Why You Should Not Miss Shareholders' Meetings
NEW YORK ( TheStreet) -- We're in the middle of corporate America's proxy season, a time when the top executives of the world's largest companies -- and their boards of directors-- are expected to appear in front of shareholders at annual meetings and take questions. Sometimes, heaven forbid, they even take criticism.
These events are often ignored by investors and the media, unless there's some high-profile proxy vote or showdown taking place. That's a shame, because annual shareholders' meetings are a rare and important opportunity for shareholders to size up the companies they own and the executives that are running them.
More importantly, these meetings give shareholders a venue for trying to hold a company's board of directors accountable for their performance representing the interests of shareholders. In addition to being an opportunity to ask questions of top executives and give feedback, annual meetings are place where shareholders can vote -- either in person or by proxy -- for or against directors and on other matters.
Sometimes, the outcomes of these votes are uncertain and can have major consequences for companies and their shareholders. Usually, they're just a formality, but either way, the tone of an annual meeting can offer telltale clues about a company's commitment to serving the interests of its shareholders -- a crucially important gauge for the long-term investor.
Companies that are well-run and have good corporate governance will often have freewheeling annual meetings where many shareholders ask tough questions and offer constructive feedback. Their executives and directors will respond with thoughtful, enlightening commentaries that include frank assessments of the risks the company faces and the challenges it is trying to overcome.

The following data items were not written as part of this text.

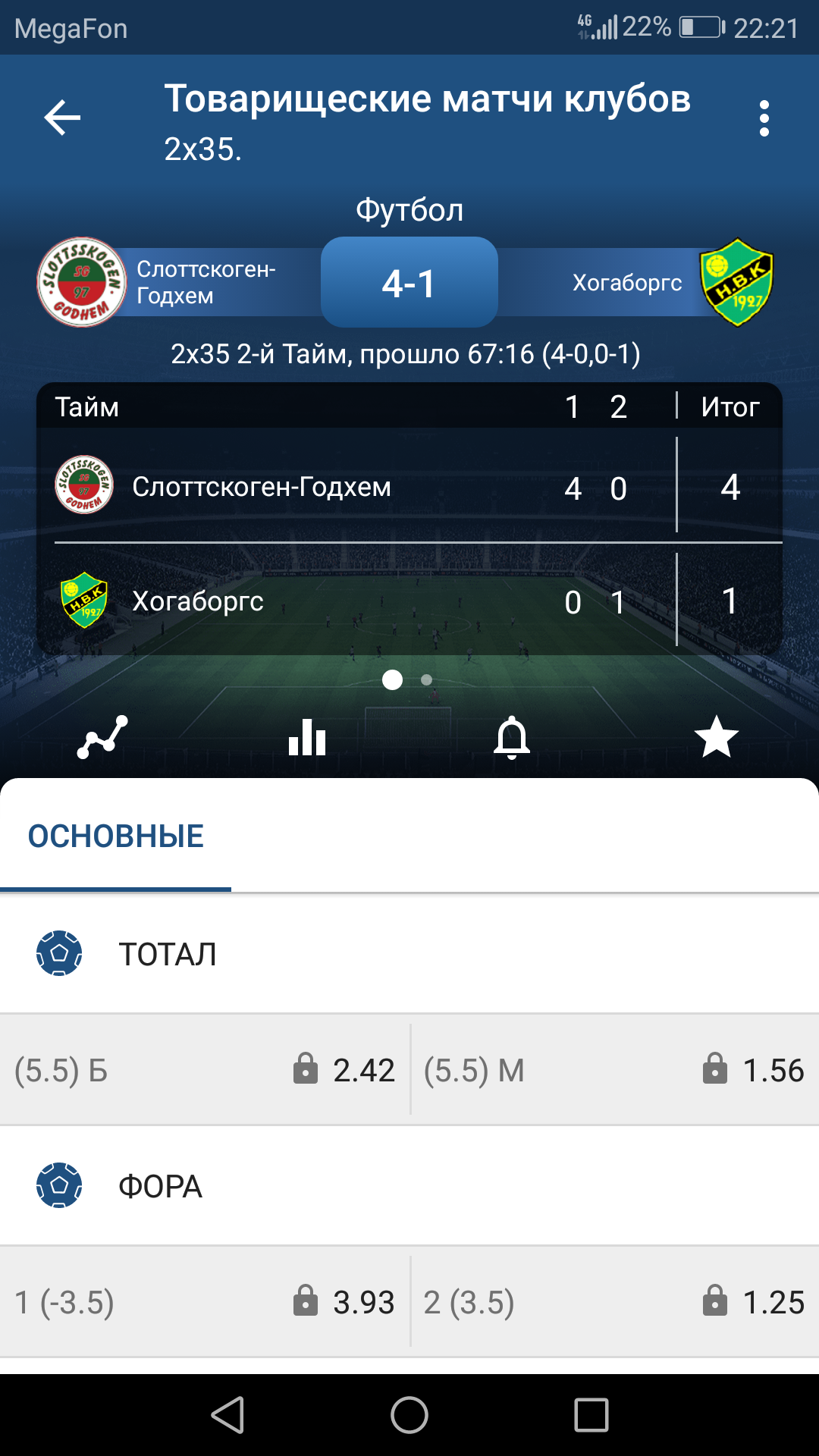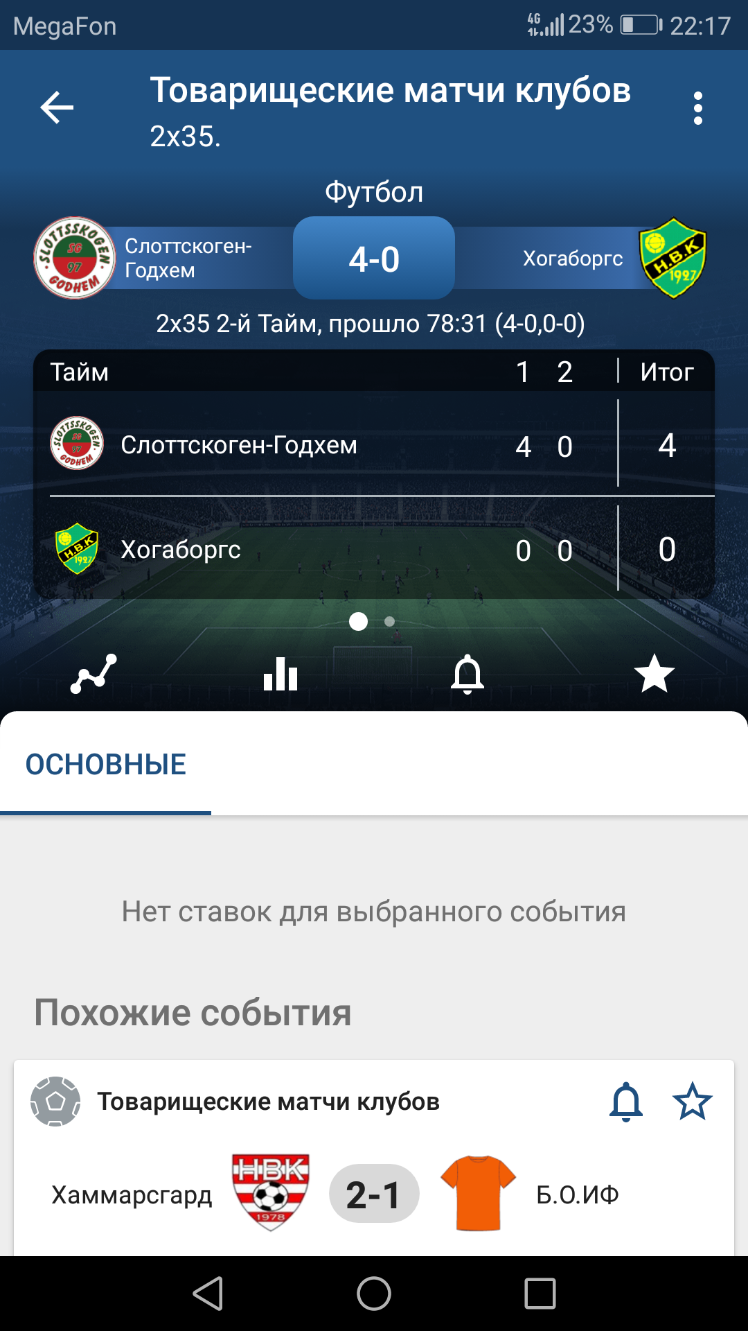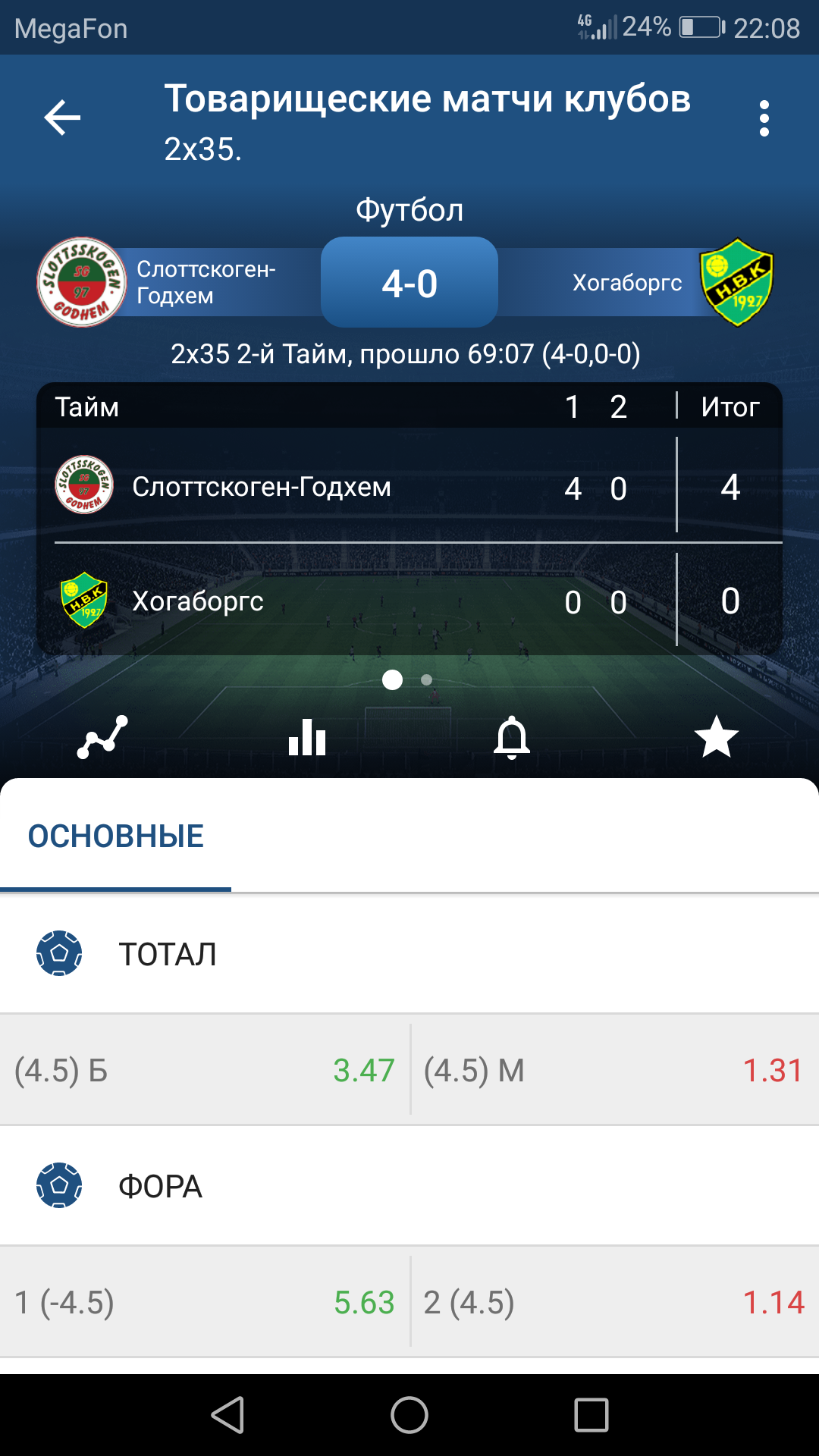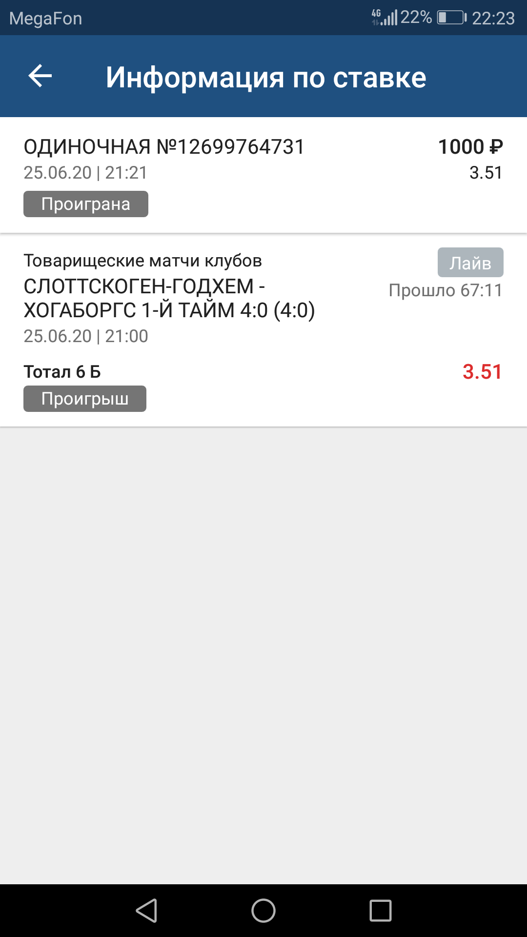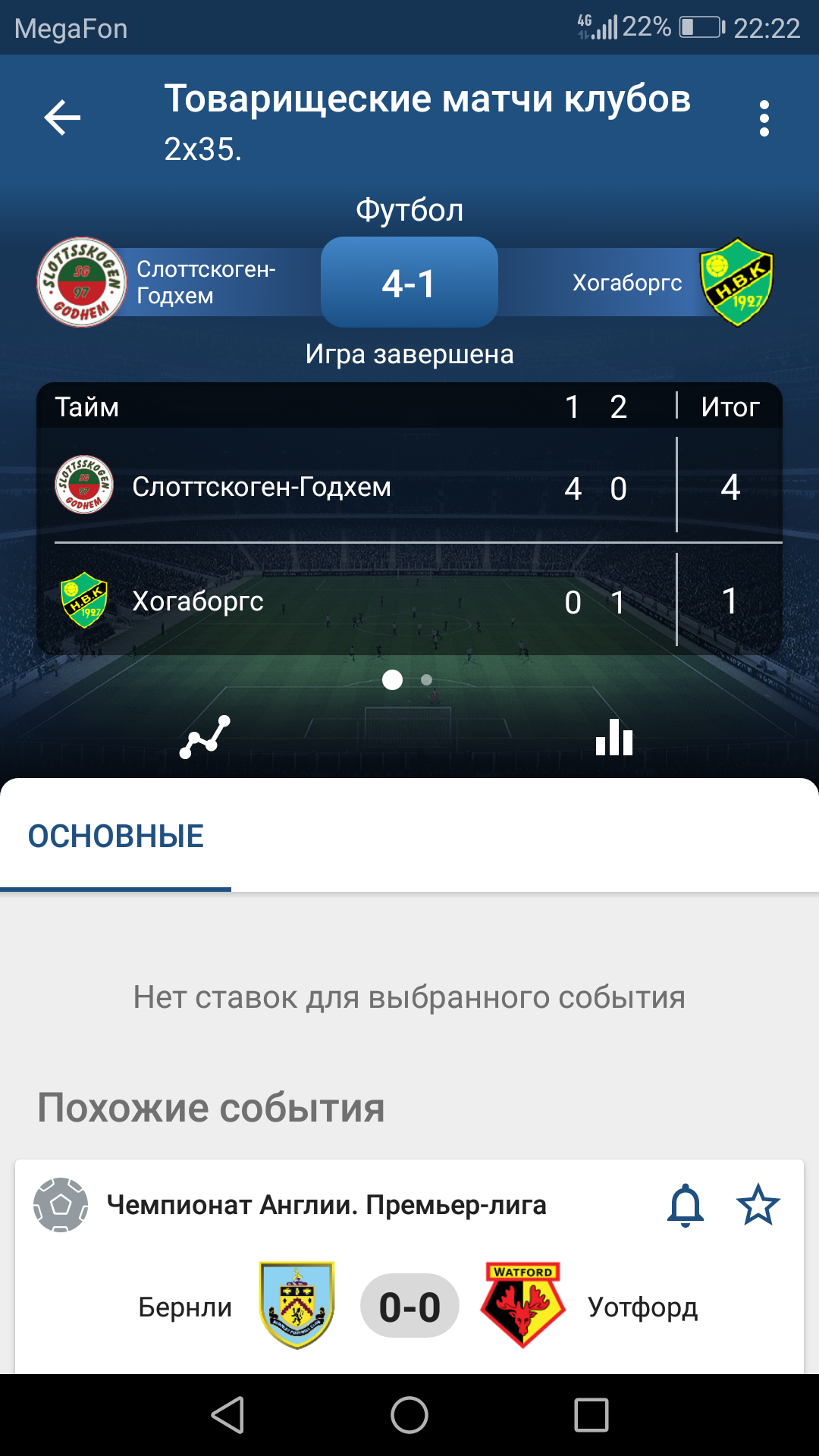 Заключил пари на товарищескую встречу по футболу между: СЛОТТСКОГЕН-ГОТХЕМ - ХОГАБОРГС в лайве, на 25 мин. ставка т.б. 6 в первом тайме( на этот момент, по формату встречи не чего не предупреждалось и не помечалось. После истечения 36 мин., прием ставок на это событие было приостановленно. Сразу же после 36 минуты засветилось 45 мин. (4:0) перерыв. После этого я позвонил в с.п., где сообщили, что я должен сам отсматривать события и правила игры. Хотя у 1 хставка на момент перерыва, было написанно: 1 т. 45 мин. (4:0) Как только началься второй тайм, формат встречи был изменен на 2х35 мин. Заснять я не смог. Но во втором тайме чудеса продолжились. В скринах прилагаю докозательства. Прошу разобраться администрацию сайта, в с.п. 1хставки отвечают шаблонами!!!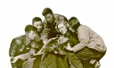 1955年,方梦之(左三)与同学、外教合影 图片由作者提供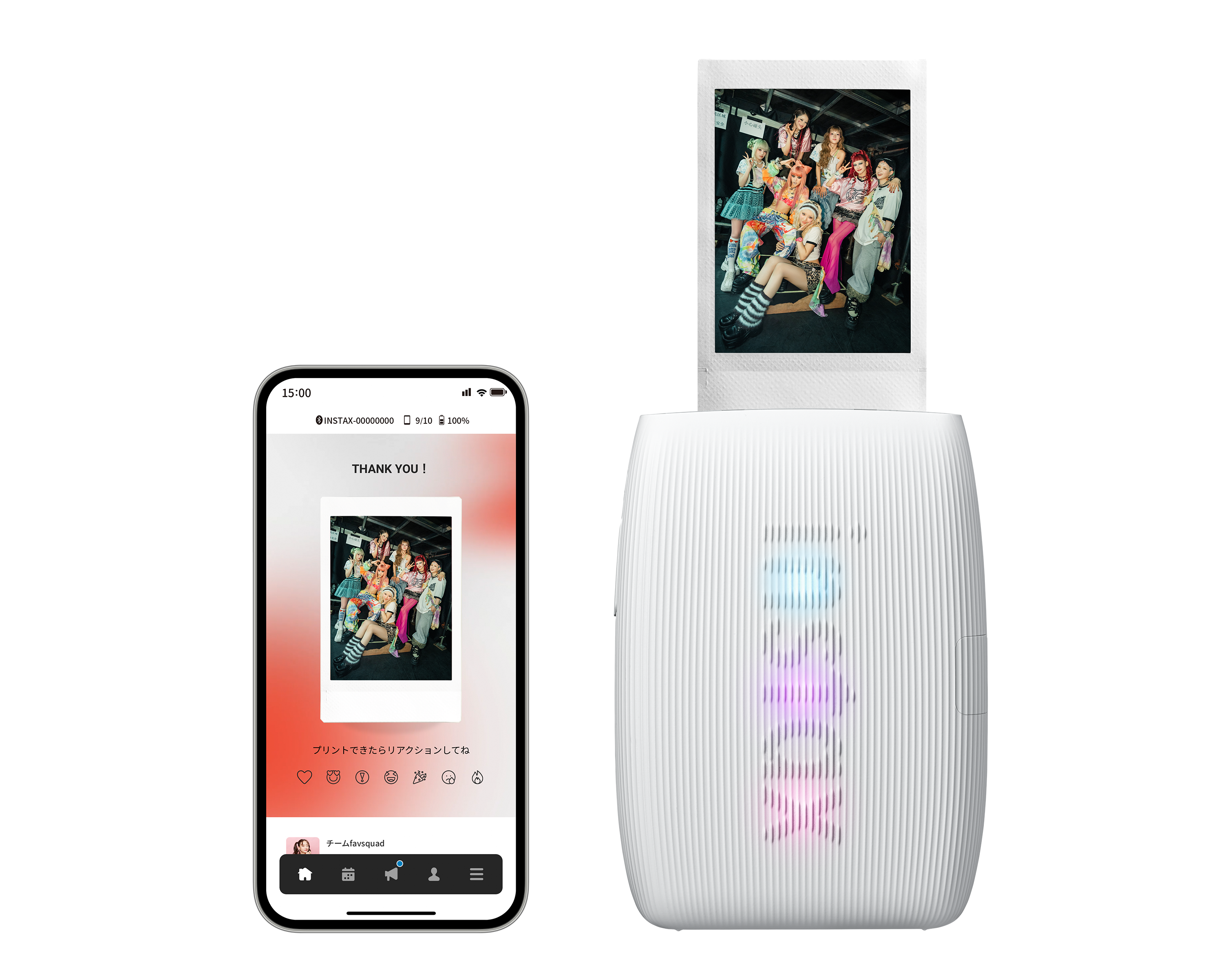 「Favsquad™」では、アーティスト(※4)がファンに届けたい『ここだけの一枚』の画像を「アーティスト用アプリ」を通じて配信すると、「ファン用アプリ」に通知が届き、ファンは画像を購入してチェキプリント™を手に入れることができます。購入できる時間は最大24時間限定で、物理的に距離が離れていても、アーティストと同じ時間を共有し、より身近に感じられる特別な体験を味わえます。「Favsquad™」の楽しみ方やコラボ企画の最新情報は、特設WEBサイトにて更新予定です。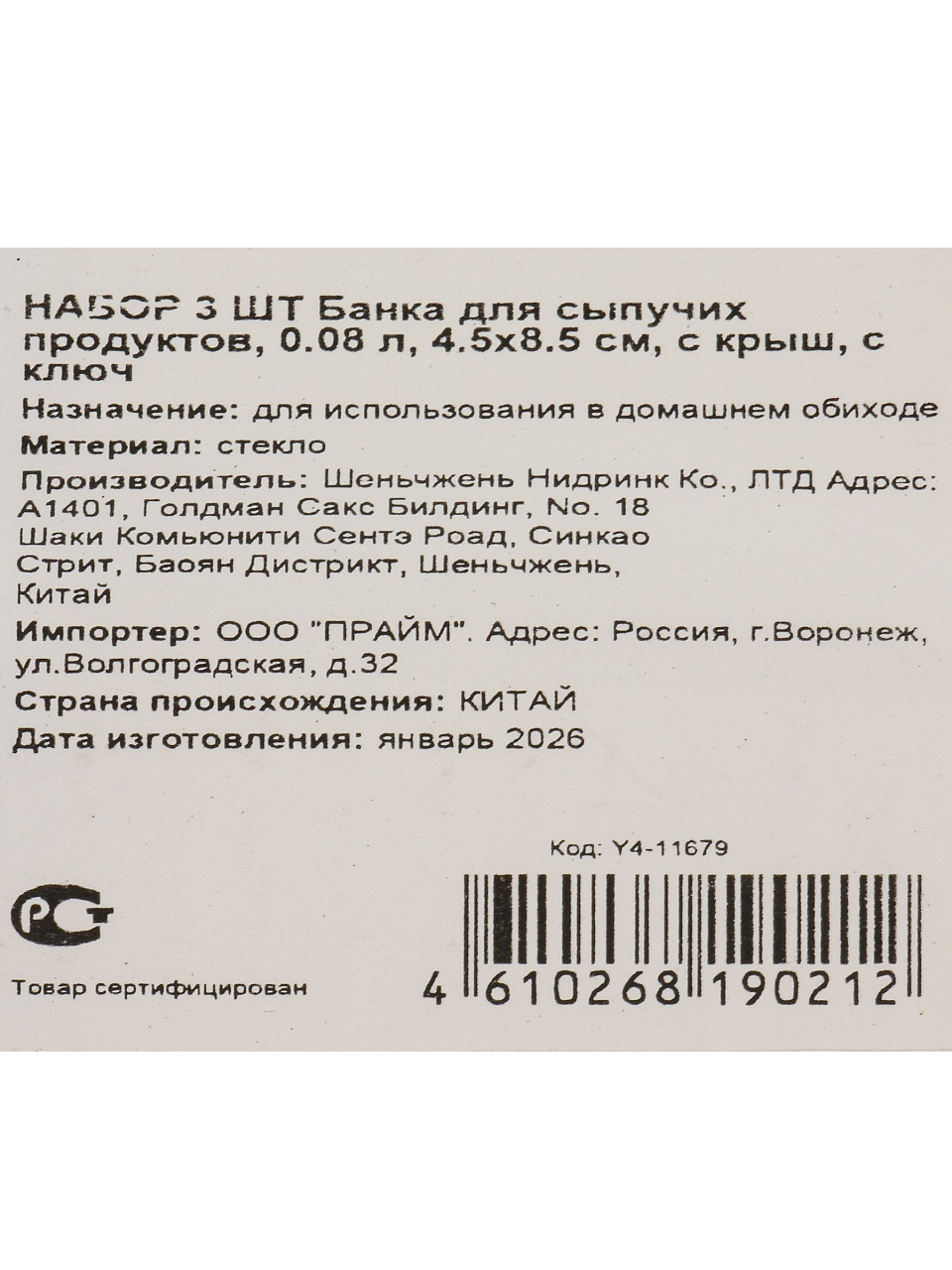Вы можете приобрести «Банка для сып продуктов, стекло, 3 шт, 0.08 л, 4.5х8.5 см, с крыш, с ключ, Y4-11679» и другие товары в нашем интернет-магазине в Смоленске по низким ценам и с бесплатным самовывозом.

On the other hand, companies that are poorly run, have bad corporate governance or are not truly confident in their future prospects will often run their meetings with an iron fist, ignoring key issues, bristling at tough questions and stifling dissent. Often, shareholders will raise important underlying issues about a company's governance -- like executive compensation or capital allocation practices -- and the response of the company to such scrutiny can speak volumes about its quality.
In the spring of 2009, when I was a financial journalist covering the aftermath of the global financial crisis, I sat through numerous annual meetings of companies that had recently seen their stocks plummet after years of bad performance. Their revenue and earnings were collapsing, and yet, the executives at the meetings gave little indication that anything was wrong. Moreover, there was nary a peep from shareholders, who were mostly represented there by large mutual fund companies and other such prestigious institutions.